Thus a configuration-variable is identified by the key-group and the name of the variable.
•
The Tutorial states that one has to write a configuration for each host, which does not scale
for a large cluster. Is there a possibility to write a general configuration being valid for all
nodes or for a group of nodes?
The configuration is built hierarchically. That means that one can make nested “Node List
Config”-objects. Like
(all nodes)
/
\
(group A)
(group B)
/
\
|
(host x) (host y) (host z)
In the configuration host x, host y and host z are represented by a "Node Config"-object,
each of the composed nodes (all nodes, group A, group B) is represented by a "Node List
Config"-object. So if a configuration is valid for all nodes, the corresponding key group has
to be mentioned in all nodes and the corresponding variables, which have the same value for
all nodes are set with a "Map Key To Value" element. If required this value can be overwritten in a subgroup or a host by using again a "Map Key To Value" element at the corresponding place.
5.4.2 Policy-Engine
The Policy-Engine is settled on higher levels and is responsible for the evaluation of complex
events, requiring an evaluation of relationships between incoming events, system-components and
internal system-states. It evaluates events received from the Rule-Engine, which require assessment
of system-states based on information stored in the knowledge base. The Policy-Engine consists of
the following components: Event-Handler, Decision-Maker, Knowledge-Base, and
Controller/Controlled, described below:
Event-Handler
The Event Handler analyses received reports and events applying escalation strategies, to identify
those which require error handling decisions. The analysis comprises methods evaluating the severity of events/reports and reducing the amount of related events/reports to a complex event. The
evaluation of severity of events/reports is based on their frequency of occurrence and impact on
health of affected granularity, as service, compute node, group of nodes, cluster etc. The identification of related events/reports is based on their spatial and temporal occurrence, predefined event relationship patterns, or models describing the topology of the system and dependencies between
services, hardware and sensors. After the event has been classified as “requiring decision”, it is
handed over to the Decision Maker.
Decision-Maker
Management
63/77
Tools for Intelligent System Management of
Very Large Computing Systems
The Decision Maker is responsible for planning and selecting error correcting actions, made in accordance with predefined policies and rules, stored in the Knowledge-Base. The local decision is
based on an integrated information view, reflected in a state of affected granularity (compute node,
node group, etc.). Using the topology of the system and dependencies between granularities and
subgranularities, the Decision Maker identifies the most probable origin of the error. Following predefined rules and policies, it selects decisions to handle identified errors. Selected decisions are
mapped by the Controller to commands, and are submitted to nodes of the lower layer, or to Delegates of managed resources.
Knowledge-Base
The Knowledge Base is filled up by the system administrators when configuring the framework. It
contains policies and rules as well as information about the topology of the system and the infrastructure itself. Policies and rules stored in the Knowledge Base are expressed by a by a set of
(event, condition, action) rules defining actions to be executed in case of error detection.

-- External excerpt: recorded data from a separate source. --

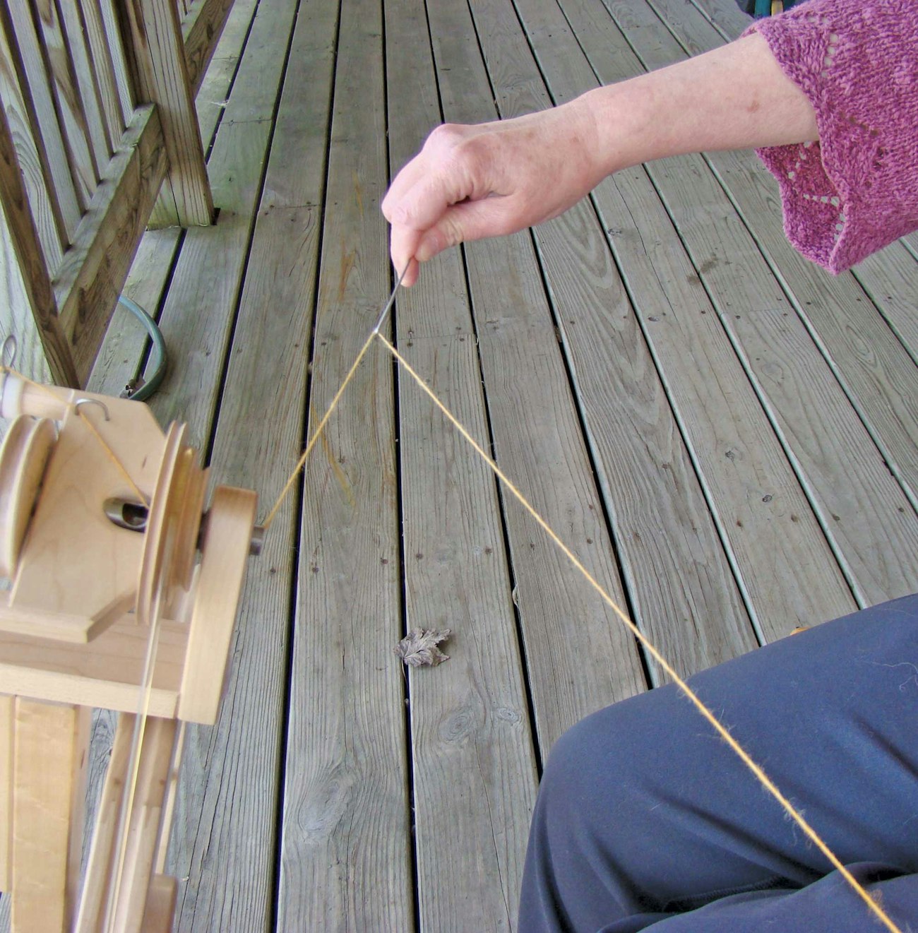 The strategy I use for spinning singles at a consistent thickness is to use a reference sample, commonly known as a plyback sample. A reference sample is a length of plied yarn that you use as your “ideal” to which you compare your spinning. I suggest making a fairly long reference sample, about 24 to 36 inches. That way, if there are some inconsistencies in thickness, you are likely to capture them within this longer sample.
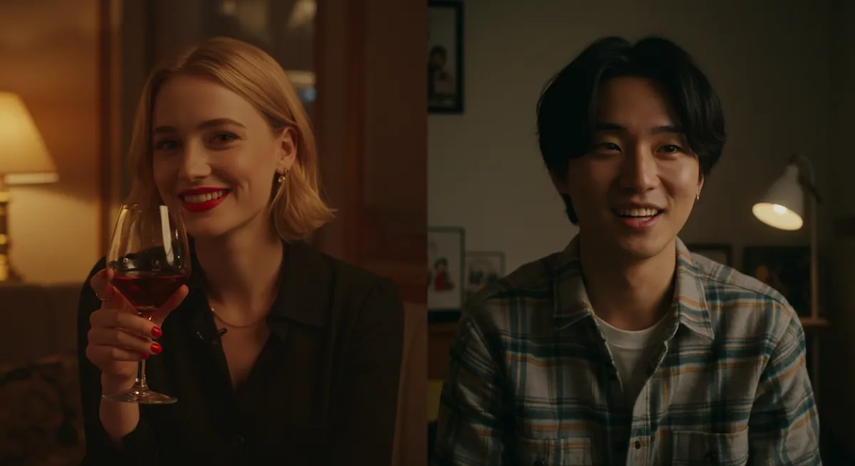 画面に現れたのは、ワイングラスを片手にした白人女性キャスト。
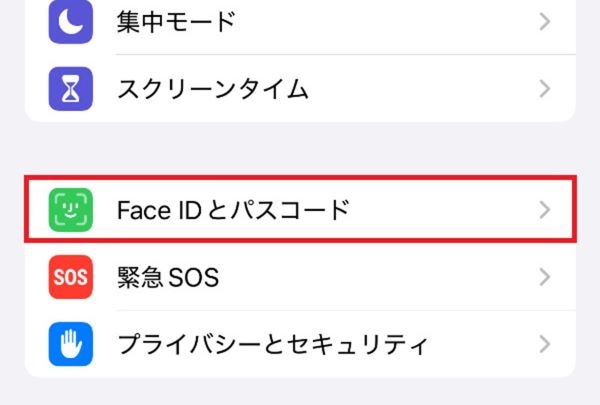 1.「設定」アプリ>「Face IDとパスコード」をタップ
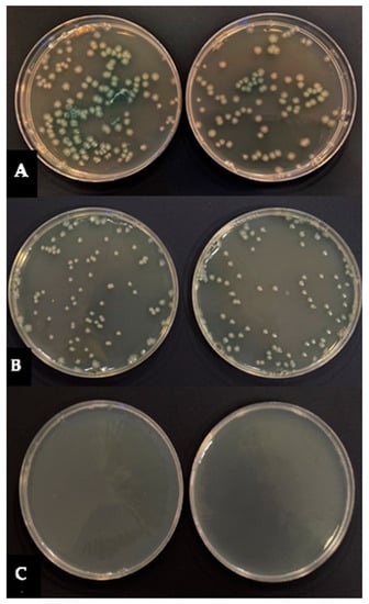 Photocytotoxic effect of Pc+ against P. aeruginosa through incubation and plate counting method. Representative plates with bacterial colonies of P. aeruginosa. (A)—number of P. aeruginosa in the control sample not containing the photosensitizer and not irradiated (L- Ps-); (B)—number of P. aeruginosa in the non-irradiated test containing the photosensitizer (dark toxicity (L- Ps+)); (C)—number of P. aeruginosa in the irradiated test containing the photosensitizer (photocytotoxicity (light toxicity) (L+ Ps+)).
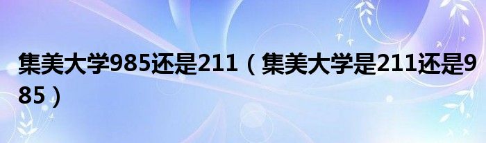 最佳答案关于集美大学985还是211,集美大学是211还是985这个很多人还不知道,今天菲菲来为大家解答以上的问题,现在让我们一起来看看吧!1、集美大学不是211也不是985。2、厦门大学是985。3、福州大学是211。本文到此分享完毕,希望对大家有所帮助。

The configuration of the knowledge-base and operation of the Policy-Engine, is explained in Section 3.4.2 on page 30, and contains:
•
The TIMaCS hierarchy, describing the hierarchical relationship of the TIMaCS framework.
•
The Error-Dependency, describing the error-dependency between components/component-types monitored by the TIMaCS framework.
•
ECA-rules (event, condition, action), describing events and conditions leading to triggering of actions to handle errors
Controller/Controlled
The Controller component maps decisions to commands and submits these to Controlled components of the lower layers, or to Delegates of the managed resources.
The Controlled component receives commands or updates from the Controller of the management
block of the upper layer and forwards these, after authentication and authorization, to addressed
components. For example, received updates containing new rules or information, are forwarded to
the Knowledge Base to update it.
5.4.3 Delegate
The Delegate provides interfaces enabling the receipt and execution of commands on managed resources. It consists of Controlled and Execution components.
The Controlled component receives commands or updates from the channels to which it is subscribed and maps these to device specific instructions, which are executed by the Execution component. In addition to Delegates which control managed resources directly, there are other Delegates
which can influence the behaviour of the managed resource indirectly. For example, the virtualization management component, is capable to migrate VM-instances of affected or faulty nodes to
healthy nodes.
Management
64/77
Tools for Intelligent System Management of
Very Large Computing Systems
5.5 Virtualization
Virtualization is an important part of the TIMaCS project, since it enables partitioning of HPC resources. Partitioning means that the physical resources of the system are assigned to host and execute user-specific sets of virtual machines. Depending on the users’ requirements, a physical
machine can host one or more virtual machines that either use dedicated CPU cores or share the
CPU cores. Virtual partitioning of HPC resources offers a number of benefits for the users as well
as for the administrators. Users no longer rely on the administrators to get new software (including
dependencies such as libraries) installed, but they can install all software components in their own
virtual machine. Additional protection mechanisms including the virtualization hypervisor itself
guarantee protection of the physical resources. Administrators benefit from the fact that virtual machines are easier to manage in certain circumstances than physical machines. One of the benefits of
using TIMaCS is to have an automated system that makes decisions based on a complex set of
rules. A prominent example is the failure of certain hardware components (e. g. fans) which leads to
an emergency shutdown of the physical machines. Prior to the actual system shutdown, all virtual
machines are live-migrated to another physical machine. This is one of the tasks of the TIMaCS virtualization component.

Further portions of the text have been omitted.